→ **TRY IT**: Print the records below exactly as they appear. Omit all pictures.

Recorded data:
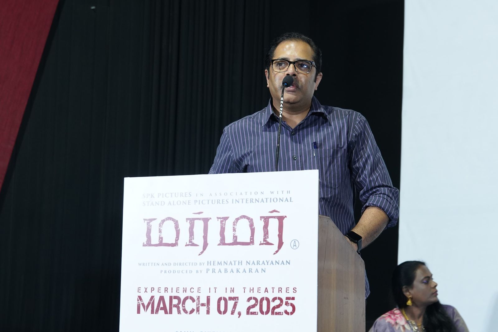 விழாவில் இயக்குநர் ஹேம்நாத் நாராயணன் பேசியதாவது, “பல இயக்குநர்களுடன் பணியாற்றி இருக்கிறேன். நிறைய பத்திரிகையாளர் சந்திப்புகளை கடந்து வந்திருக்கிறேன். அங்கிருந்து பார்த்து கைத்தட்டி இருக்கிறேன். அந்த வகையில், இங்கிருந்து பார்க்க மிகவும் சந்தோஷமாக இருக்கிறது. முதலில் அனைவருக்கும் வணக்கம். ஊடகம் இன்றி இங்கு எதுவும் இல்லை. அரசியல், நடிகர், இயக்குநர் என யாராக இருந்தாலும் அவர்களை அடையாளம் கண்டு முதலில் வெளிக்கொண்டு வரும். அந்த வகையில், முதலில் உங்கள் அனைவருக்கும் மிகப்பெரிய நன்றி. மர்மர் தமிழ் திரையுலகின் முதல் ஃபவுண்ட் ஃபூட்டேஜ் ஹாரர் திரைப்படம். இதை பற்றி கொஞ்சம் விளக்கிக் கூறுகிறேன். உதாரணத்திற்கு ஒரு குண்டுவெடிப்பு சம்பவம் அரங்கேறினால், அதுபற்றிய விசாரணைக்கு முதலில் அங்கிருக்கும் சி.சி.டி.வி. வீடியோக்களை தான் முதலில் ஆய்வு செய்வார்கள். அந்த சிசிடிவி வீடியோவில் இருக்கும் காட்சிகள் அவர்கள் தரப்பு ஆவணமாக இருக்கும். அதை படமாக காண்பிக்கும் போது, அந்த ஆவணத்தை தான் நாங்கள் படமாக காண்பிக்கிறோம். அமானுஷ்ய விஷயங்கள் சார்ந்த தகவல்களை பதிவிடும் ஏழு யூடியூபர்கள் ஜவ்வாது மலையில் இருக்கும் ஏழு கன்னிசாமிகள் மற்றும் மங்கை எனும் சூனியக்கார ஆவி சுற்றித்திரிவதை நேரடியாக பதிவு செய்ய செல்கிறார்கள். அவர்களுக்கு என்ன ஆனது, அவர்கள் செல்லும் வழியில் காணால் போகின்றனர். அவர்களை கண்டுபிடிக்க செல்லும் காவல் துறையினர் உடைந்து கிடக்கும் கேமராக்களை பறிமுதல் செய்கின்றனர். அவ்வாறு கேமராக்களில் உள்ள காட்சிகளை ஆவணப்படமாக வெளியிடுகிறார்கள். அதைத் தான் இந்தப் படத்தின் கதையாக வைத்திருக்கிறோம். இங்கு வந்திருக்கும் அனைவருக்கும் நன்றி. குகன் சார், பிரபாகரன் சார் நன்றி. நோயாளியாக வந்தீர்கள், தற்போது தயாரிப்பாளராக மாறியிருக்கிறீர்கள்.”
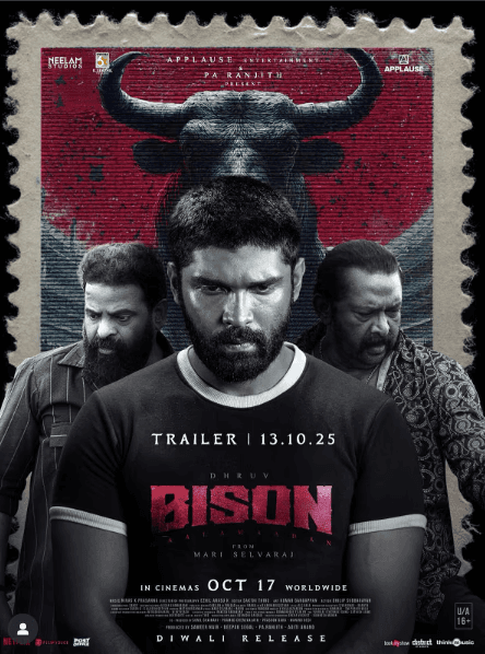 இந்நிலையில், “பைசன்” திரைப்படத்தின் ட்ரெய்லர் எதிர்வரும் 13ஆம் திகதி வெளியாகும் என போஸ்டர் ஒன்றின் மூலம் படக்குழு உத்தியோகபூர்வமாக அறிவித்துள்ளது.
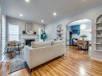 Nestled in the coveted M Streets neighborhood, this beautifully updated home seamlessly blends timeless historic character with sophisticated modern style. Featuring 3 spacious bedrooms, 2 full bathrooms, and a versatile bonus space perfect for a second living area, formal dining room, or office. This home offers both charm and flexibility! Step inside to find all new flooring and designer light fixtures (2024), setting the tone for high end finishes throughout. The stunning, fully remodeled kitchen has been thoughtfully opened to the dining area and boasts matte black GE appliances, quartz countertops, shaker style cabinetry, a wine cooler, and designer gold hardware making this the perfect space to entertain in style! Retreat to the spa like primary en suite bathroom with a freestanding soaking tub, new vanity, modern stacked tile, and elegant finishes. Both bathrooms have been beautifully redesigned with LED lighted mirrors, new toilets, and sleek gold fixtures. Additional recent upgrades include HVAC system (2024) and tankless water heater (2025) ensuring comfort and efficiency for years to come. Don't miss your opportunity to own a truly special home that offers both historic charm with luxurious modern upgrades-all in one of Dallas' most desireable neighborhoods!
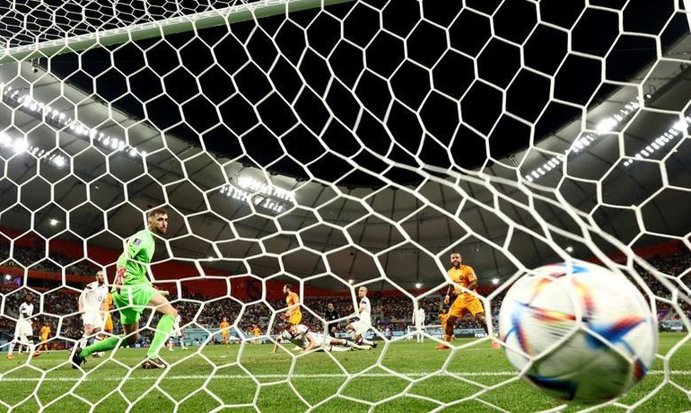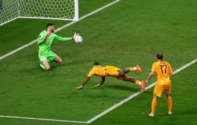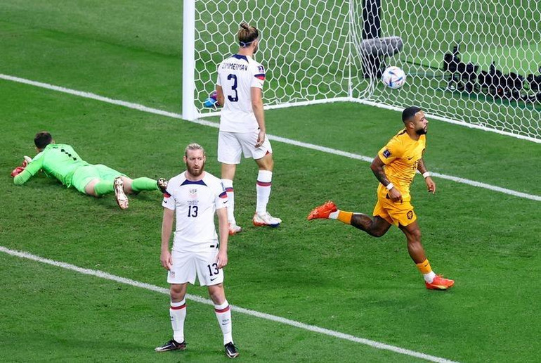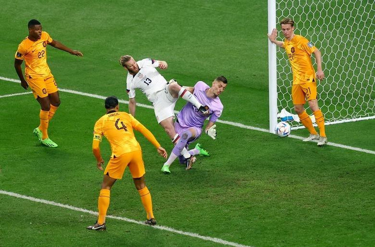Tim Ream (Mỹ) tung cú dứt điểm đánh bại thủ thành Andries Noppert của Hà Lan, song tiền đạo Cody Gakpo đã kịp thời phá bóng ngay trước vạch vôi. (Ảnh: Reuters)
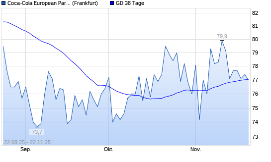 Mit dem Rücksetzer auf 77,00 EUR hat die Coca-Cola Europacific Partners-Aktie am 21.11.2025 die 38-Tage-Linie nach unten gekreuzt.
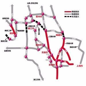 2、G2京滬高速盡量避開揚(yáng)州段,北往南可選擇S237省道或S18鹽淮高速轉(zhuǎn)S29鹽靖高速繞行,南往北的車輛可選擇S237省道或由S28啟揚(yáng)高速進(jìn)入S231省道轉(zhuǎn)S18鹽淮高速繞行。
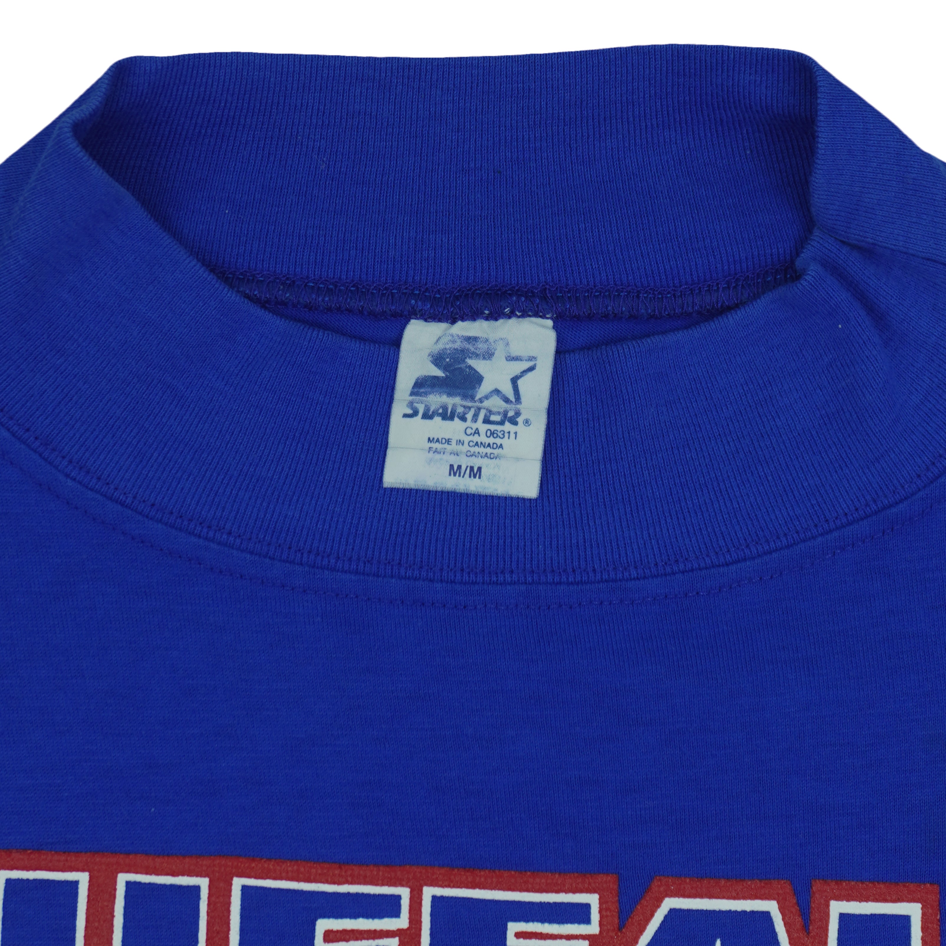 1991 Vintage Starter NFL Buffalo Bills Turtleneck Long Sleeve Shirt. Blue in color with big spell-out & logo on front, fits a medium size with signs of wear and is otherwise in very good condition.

→ **EXPECTED ANSWER**:
 விழாவில் இயக்குநர் ஹேம்நாத் நாராயணன் பேசியதாவது, “பல இயக்குநர்களுடன் பணியாற்றி இருக்கிறேன். நிறைய பத்திரிகையாளர் சந்திப்புகளை கடந்து வந்திருக்கிறேன். அங்கிருந்து பார்த்து கைத்தட்டி இருக்கிறேன். அந்த வகையில், இங்கிருந்து பார்க்க மிகவும் சந்தோஷமாக இருக்கிறது. முதலில் அனைவருக்கும் வணக்கம். ஊடகம் இன்றி இங்கு எதுவும் இல்லை. அரசியல், நடிகர், இயக்குநர் என யாராக இருந்தாலும் அவர்களை அடையாளம் கண்டு முதலில் வெளிக்கொண்டு வரும். அந்த வகையில், முதலில் உங்கள் அனைவருக்கும் மிகப்பெரிய நன்றி. மர்மர் தமிழ் திரையுலகின் முதல் ஃபவுண்ட் ஃபூட்டேஜ் ஹாரர் திரைப்படம். இதை பற்றி கொஞ்சம் விளக்கிக் கூறுகிறேன். உதாரணத்திற்கு ஒரு குண்டுவெடிப்பு சம்பவம் அரங்கேறினால், அதுபற்றிய விசாரணைக்கு முதலில் அங்கிருக்கும் சி.சி.டி.வி. வீடியோக்களை தான் முதலில் ஆய்வு செய்வார்கள். அந்த சிசிடிவி வீடியோவில் இருக்கும் காட்சிகள் அவர்கள் தரப்பு ஆவணமாக இருக்கும். அதை படமாக காண்பிக்கும் போது, அந்த ஆவணத்தை தான் நாங்கள் படமாக காண்பிக்கிறோம். அமானுஷ்ய விஷயங்கள் சார்ந்த தகவல்களை பதிவிடும் ஏழு யூடியூபர்கள் ஜவ்வாது மலையில் இருக்கும் ஏழு கன்னிசாமிகள் மற்றும் மங்கை எனும் சூனியக்கார ஆவி சுற்றித்திரிவதை நேரடியாக பதிவு செய்ய செல்கிறார்கள். அவர்களுக்கு என்ன ஆனது, அவர்கள் செல்லும் வழியில் காணால் போகின்றனர். அவர்களை கண்டுபிடிக்க செல்லும் காவல் துறையினர் உடைந்து கிடக்கும் கேமராக்களை பறிமுதல் செய்கின்றனர். அவ்வாறு கேமராக்களில் உள்ள காட்சிகளை ஆவணப்படமாக வெளியிடுகிறார்கள். அதைத் தான் இந்தப் படத்தின் கதையாக வைத்திருக்கிறோம். இங்கு வந்திருக்கும் அனைவருக்கும் நன்றி. குகன் சார், பிரபாகரன் சார் நன்றி. நோயாளியாக வந்தீர்கள், தற்போது தயாரிப்பாளராக மாறியிருக்கிறீர்கள்.”
 இந்நிலையில், “பைசன்” திரைப்படத்தின் ட்ரெய்லர் எதிர்வரும் 13ஆம் திகதி வெளியாகும் என போஸ்டர் ஒன்றின் மூலம் படக்குழு உத்தியோகபூர்வமாக அறிவித்துள்ளது.
 Nestled in the coveted M Streets neighborhood, this beautifully updated home seamlessly blends timeless historic character with sophisticated modern style. Featuring 3 spacious bedrooms, 2 full bathrooms, and a versatile bonus space perfect for a second living area, formal dining room, or office. This home offers both charm and flexibility! Step inside to find all new flooring and designer light fixtures (2024), setting the tone for high end finishes throughout. The stunning, fully remodeled kitchen has been thoughtfully opened to the dining area and boasts matte black GE appliances, quartz countertops, shaker style cabinetry, a wine cooler, and designer gold hardware making this the perfect space to entertain in style! Retreat to the spa like primary en suite bathroom with a freestanding soaking tub, new vanity, modern stacked tile, and elegant finishes. Both bathrooms have been beautifully redesigned with LED lighted mirrors, new toilets, and sleek gold fixtures. Additional recent upgrades include HVAC system (2024) and tankless water heater (2025) ensuring comfort and efficiency for years to come. Don't miss your opportunity to own a truly special home that offers both historic charm with luxurious modern upgrades-all in one of Dallas' most desireable neighborhoods!
Tim Ream (Mỹ) tung cú dứt điểm đánh bại thủ thành Andries Noppert của Hà Lan, song tiền đạo Cody Gakpo đã kịp thời phá bóng ngay trước vạch vôi. (Ảnh: Reuters)
 Mit dem Rücksetzer auf 77,00 EUR hat die Coca-Cola Europacific Partners-Aktie am 21.11.2025 die 38-Tage-Linie nach unten gekreuzt.
 2、G2京滬高速盡量避開揚(yáng)州段,北往南可選擇S237省道或S18鹽淮高速轉(zhuǎn)S29鹽靖高速繞行,南往北的車輛可選擇S237省道或由S28啟揚(yáng)高速進(jìn)入S231省道轉(zhuǎn)S18鹽淮高速繞行。
 1991 Vintage Starter NFL Buffalo Bills Turtleneck Long Sleeve Shirt. Blue in color with big spell-out & logo on front, fits a medium size with signs of wear and is otherwise in very good condition.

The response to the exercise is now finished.